Злободневную полемичность «Войны и мира» и ее обращенность к современно­сти, завуалированную позднейшими критиками и историками литературы, прекрас­но чувствовали некоторые тогдашние критики; но особенно хорошо ее почувствовал и заметил, как может заметить только глаз беллетриста, Н. Лесков, приветствовавший в «Биржевых ведомостях» 1869 г. роман Толстого большой статьей, занявшей не­сколько номеров газеты. Восторгаясь сценой смерти кн. Андрея и предвидя нападки критиков на роман, Лесков пишет: «Одно это представление дает нам чувствовать в миросозерцании автора нечто иное, непохожее на мировоззрение целой плеады других наших писателей, и мы вправе сожалеть, что сочинение графа Толстого не может ожидать себе в наше время талантливого критического разбора. Мы знаем, как глядят и как взглянут на этот том те, которые у нас считают себя критиками. Каждый из них станет прикидывать его на масштаб своих направлений, и похвалит его за то, в чем найдет нечто отвечающее его направлению, и злобно укорит за то, что ему покажется вредоносным для этого направления. Это уже было, и это будет снова, но так будет долго и долго, пока тяжелые судьбы нашей литературы будут оставлять ее без критических талантов. Графа Толстого уже упрекали в том, что он "сентиментал, фаталист и миндальник"; другие столь же глубоко проницали свой­ства его творчества и хвалили его за какой-то особого рода реализм, здоровый реализм, имеющий честь нравиться схоластикам-идеалистам; теперь недостает, чтобы за приведенную сцену его упрекнули в поповстве, и этому нимало не мудрено случить­ся, и это опять будет столь же неосновательно, как укор сентиментальности и похва­ла за особый реализм». Статья Лескова кончается указанием на то, что роман Тол­стого «имеет в наших глазах еще большее значение в приложении к решению многих практических вопросов, которые время от времени могут повторяться и даже несо­мненно повторятся с свойственной им роковой неотвратимостью... Если зорче ос­мотримся и обсчитаем весь ворох своей коробьи, повернее, то увидим, что все эти бойцы и выжидатели, все эти верующие и неверные, одухотворяющиеся и лягуше- ствующие, выскочки и хороняки, — все они опять живы, и с нами опять... Клига графа Толстого дает весьма много для того, чтобы, углубляясь в нее, по бывшему разумевать бываемое и даже видеть в зерцале гадания грядущего»[513].

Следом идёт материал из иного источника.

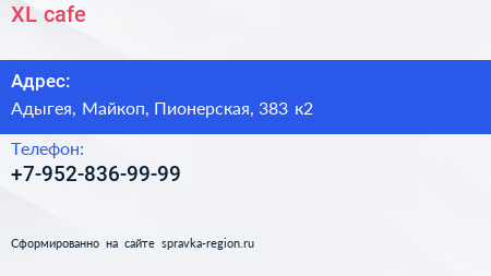 XL cafe по адресу Адыгея, Майкоп, Пионерская, 383 к2 в дальнейшем Организация, размещена в следующих категориях: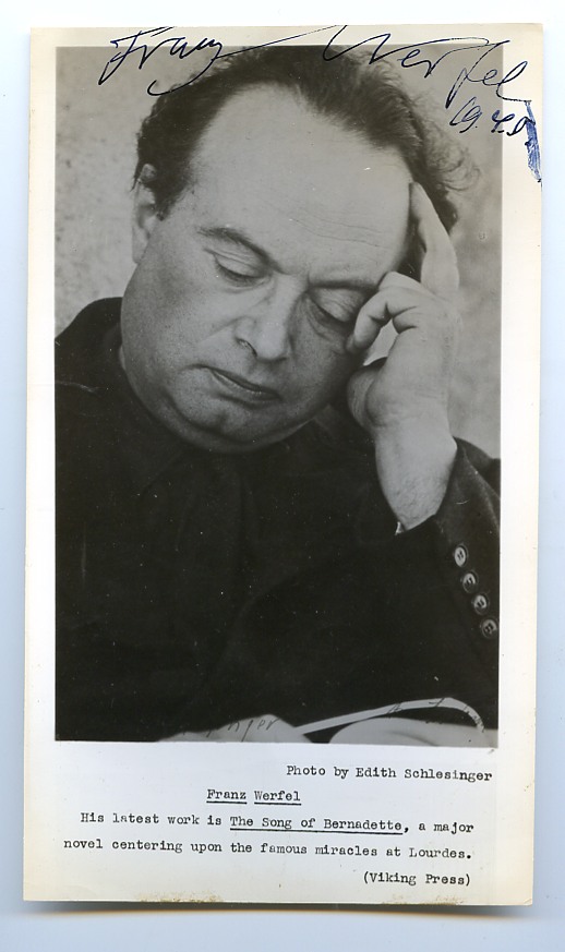Franz Viktor Werfel was an Austrian-Bohemian novelist, playwright, and poet whose career spanned World War I, the Interwar period, and World War II. He is primarily known as the author of The Forty Days of Musa Dagh (1933, English tr. 1934, 2012), a novel based on events that took place during the Armenian Genocide of 1915, and The Song of Bernadette (1941), a novel about the life and visions of the French Catholic saint Bernadette Soubirous, which was made into a Hollywood film of the same name.

В ноябре 1864 г. Толстой продал 1-ю часть романа («Тысяча восемьсот пятый год») в «Русский вестник» и начал работу над 2-й частью. По новому плану эта 2-я часть должна была быть военной, и главными персонажами ее, естественно, долж­ны были быть Андрей Болконский и Николай Ростов. Живя в Москве (Толстой лечил руку и прожил там весь декабрь), Толстой собирал материал и пробовал писать. Но дело не шло. 7 декабря 1864 г. Толстой пишет жене: «У меня еще горе: я начинаю охладевать к своему писанью, и, можешь себе представить, ты, глупая, с своими неумственными интересами, мне сказала истинную правду. Все истори­ческое не клеится и идет вяло. Я утешаюсь, что от этого не идет вперед. Я раскле­ился». 8 декабря он опять вспоминает, как С. А. сказала, «что мое все военное и историческое, о котором я так стараюсь, выйдет плохо, а хорошо будет другое, семейное, характеры, психологическое. Это так правда, как нельзя больше». С. А., со своей стороны, пишет в автобиографии: «Очень огорчало меня, когда Лев Ни­колаевич вдруг затоскует, разочаруется в своих произведениях, пишет, что ему не нравится его роман, и ему грустно. Это было особенно сильно в 1864 году, когда он сломал руку, и я пишу ему в Москву: "Что же это ты со всех сторон оплошал? Везде тебе грустно, и все не ладится. Зачем ты унываешь и падаешь духом? Неуже­ли сил нет подняться? Вспомни, как ты радовался на свой роман, как ты все хоро­шо обдумывал, и вдруг не нравится!"»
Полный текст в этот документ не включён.